Федор Камалов - Здравствуй, Артем!
Было холодно, немного ветрено.
— Прислушайся. Артем! — сказал папа. — Слышишь?
Еле уловимый звон пронесся над улицей, словно где-то в небе осторожно тронули тонкие стеклянные нити. На минуту все стихло, и снова перезвон пробежал по улице. Прозвенели тысячи крошечных ледяных колокольчиков и растаяли.
Скрипел снег под шагами редких прохожих.
Папа молчал, закрыв глаза. Сигарета тлела в его пальцах. Звезды были большие и острые, как глаза далеких маяков. И опять — «Длен-н-нь! Лень-н-нь! Ен-н-нь!» — посыпался стеклянный, серебря-ный, оловян-ный дождь. Словно на крыши домов и на улицы долго сыпались полые хрустальные шарики.
За порывом ветра вдруг раздался жалобный звук, будто заплакала девочка. Я с тревогой посмотрел на папу.
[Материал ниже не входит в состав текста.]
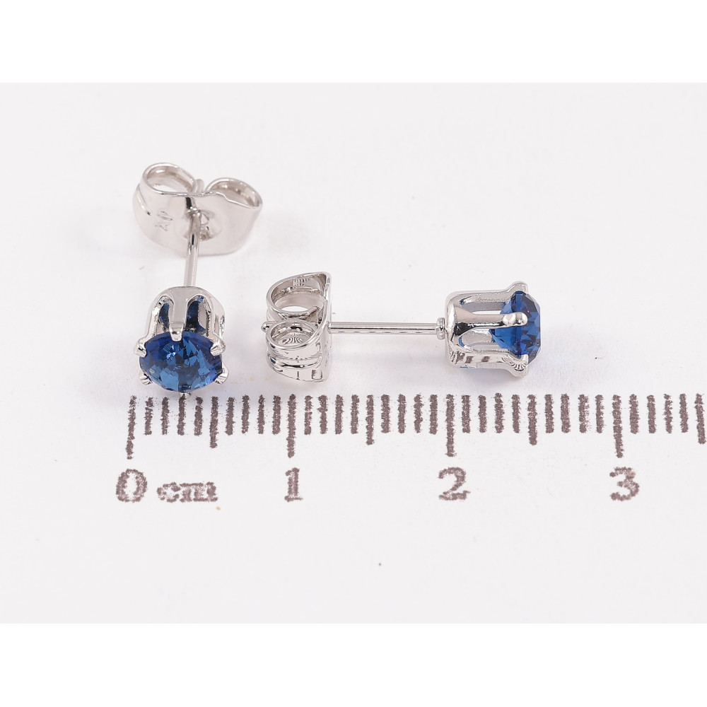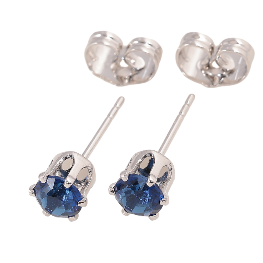 Сережки Xuping колір Родій пусети "Сині кристали в 6-ти крапановій оправі" ø 5мм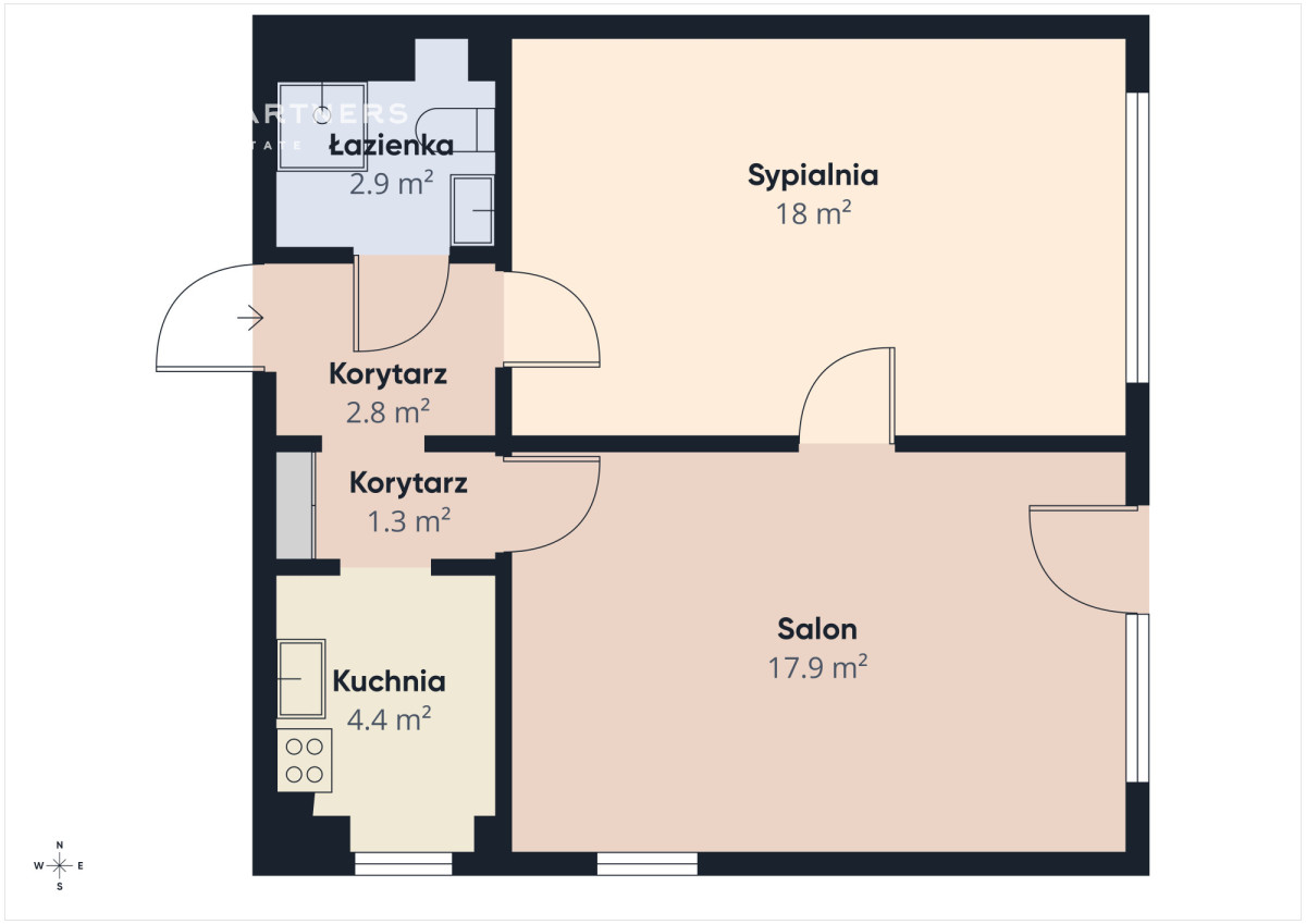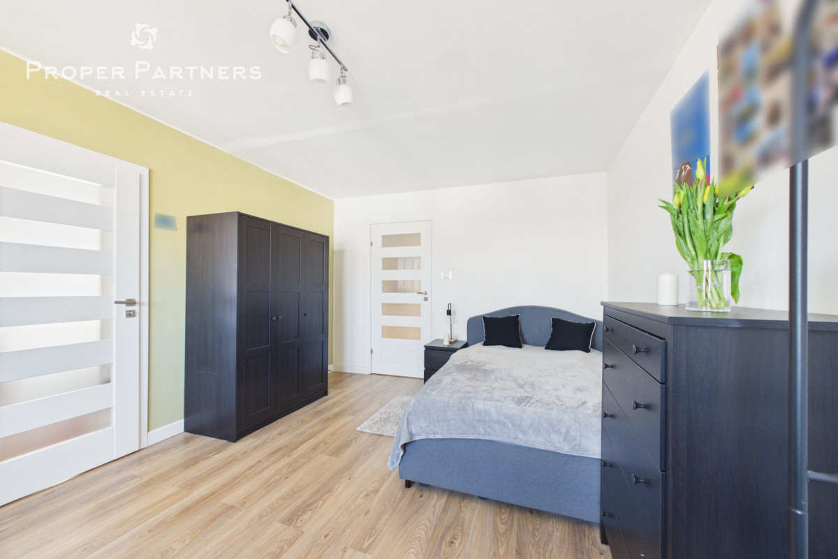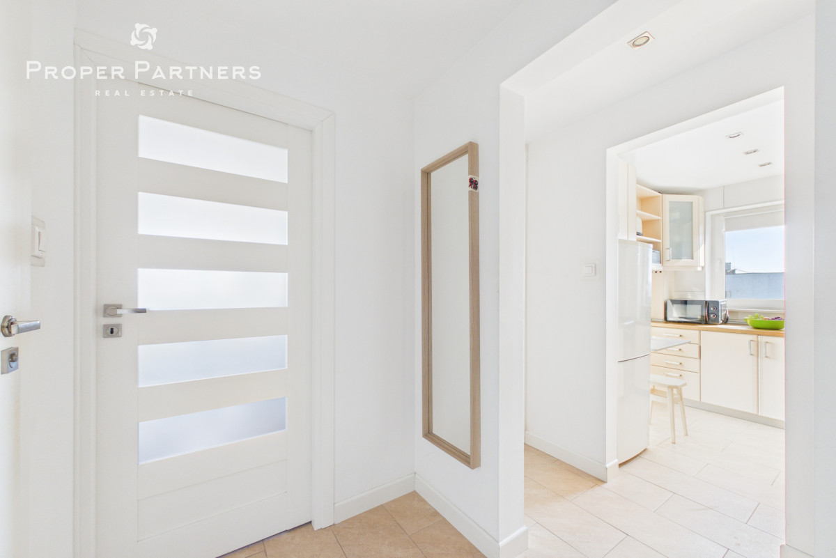 Układ mieszkania jest funkcjonalny i czytelny. Składa się z dwóch niezależnych pokoi, oddzielnej kuchni z oknem, przedpokoju oraz łazienki z WC. Dzięki wysokiemu piętru mieszkanie jest dobrze doświetlone i daje poczucie przestrzeni.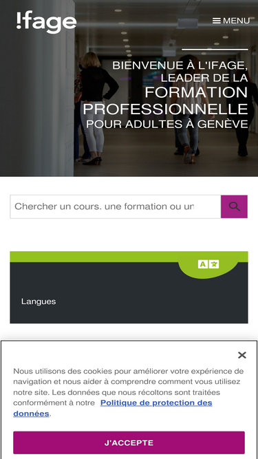 84%L'ifage, Fondation pour la formation des adultes à Genève, a pour but de favoriser la formation continue et le perfectionnement professionnel des adultes dans les domaines suivants: langues, management et administration, industrie et bâtiment, nouvelles technologies.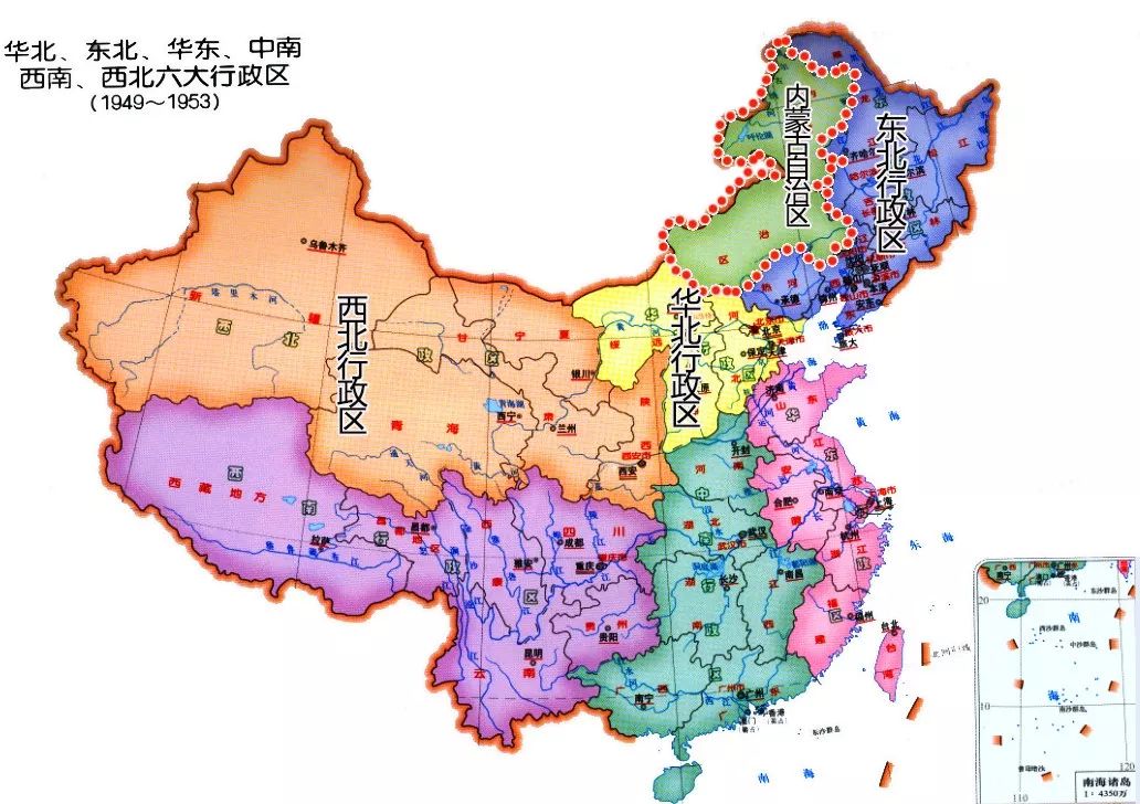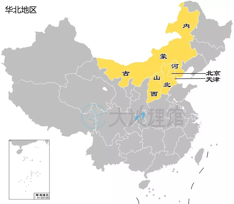 中華民國時期也有過大區劃分,今內蒙古地區在當時大體屬于“塞北”,東部部分地區屬于“東北”。當時的大區“華北”包括今甘肅、陜西、山西、河北、北京、天津、河南、山東。

— Это елка, — сказал он, вздохнув. — Какой-то растяпа, когда рубил, ствол ей расщепил. Ветер ее раскачивает, тяжело ей стоять.
Все холоднее становилось. Мы медленно пошли от плачущей елки. И почему-то чем дальше уходили, тем грустнее мне становилось.
Утром я пришел к этой елке снова. Рабочие срывали с нее длинные стеклянные нити. Перерубили елку пополам и кинули в кузов. Машина зарычала и ушла. Пошел снег, засыпая серые иголки.
Я ввернул в парк. Елку увезли, только лежал на том месте забытый деревянный крест из-под нее.
Мы с Отшельником поехали на место гибели Гагарина. Первый космонавт Земли погиб не в космосе, а посреди русского леса. От тяжелого удара самолета образовалось в лесу небольшое озерцо. Обступили его белые березы. Сбегаются к озерцу лесные тропинки.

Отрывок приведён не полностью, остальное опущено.